Invisibility

according to fable, may be obtained in a multitude of ways. For example:

Albric's cloak,
called Tarnkappe (3 syl.), which Siegfried got possession of, rendered him invisible. (Nibelungen Lied.)

A chamelon carried in the breast will render a person invisible.

A capon stone, called “Alectoria,” will render any person invisible who carries it about his person. (See Mirror Of Stones.)

A dead hand. It is believed that a candle placed in a dead man's hand gives no light to any but those who use it. (See Hand.)

Fern-seed,
mentioned by Shakespeare, and by Beaumont and Fletcher, possesses the same charm. Gyges' ring, taken from the flanks of a brazen horse, made the wearer invisible, provided he turned the ring inwards.

Heliotrope,
mentioned by Boccaccio in his Decameron (Day viii. 3), is a green stone, which renders a person invisible. So does the herb called heliotrope, according to Solinus, who says, “Herba etiam ejusdem nominis ... cum, a quocumque gestabitur, subtrahit visibus obviorm.” (Georgic, xl.)
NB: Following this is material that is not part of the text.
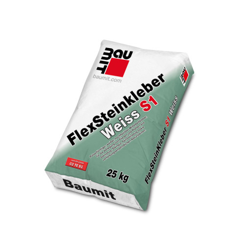 Pulverförmiger, weißer, zementärer, hochflexibler Mittelbettkleber, für die Verlegung von Platten gem. RVS, Fliesen, Steingut, Feinsteinzeug sowie verfärbungsempfindlichen Natursteinen bzw. bei der Verarbeitung von Baumit GalaDrain zum kraftschlüssigen Verkleben (maximale Schichtdicke: 20 mm). Entspricht EN 12004 (C2 TE S1) und RVS 08.18.01.

The helmet of Perseus (2 syl.) and the helmet of Pluto (called Orci Galea) both rendered the wearer invisible. (Classic story.)

The helmet which Pluto gave to the Cyclops made them invisible whenever it was worn.

Jack the Giant-killer
had a cloak of invisibility as well as a cap of knowledge. Keplein's mantle. The mantle of Hel Keplein, which belonged to the dwarf-king Laurin, rendered the wearer invisible. (The Heldenbuch; thirteenth century.)

The Moros Musphoron was a girdle of invisibility. (Mrs. Centlivre: A Bold Stroke for a Wife.

Otnit's ring. The ring of Otnit, King of Lombardy, according to the Heldenbuch, possessed a similar charm. Reynard's wonderful ring had three colours, one of which (the green) caused the wearer to become invisible. (Reynard the Fox, 1498.)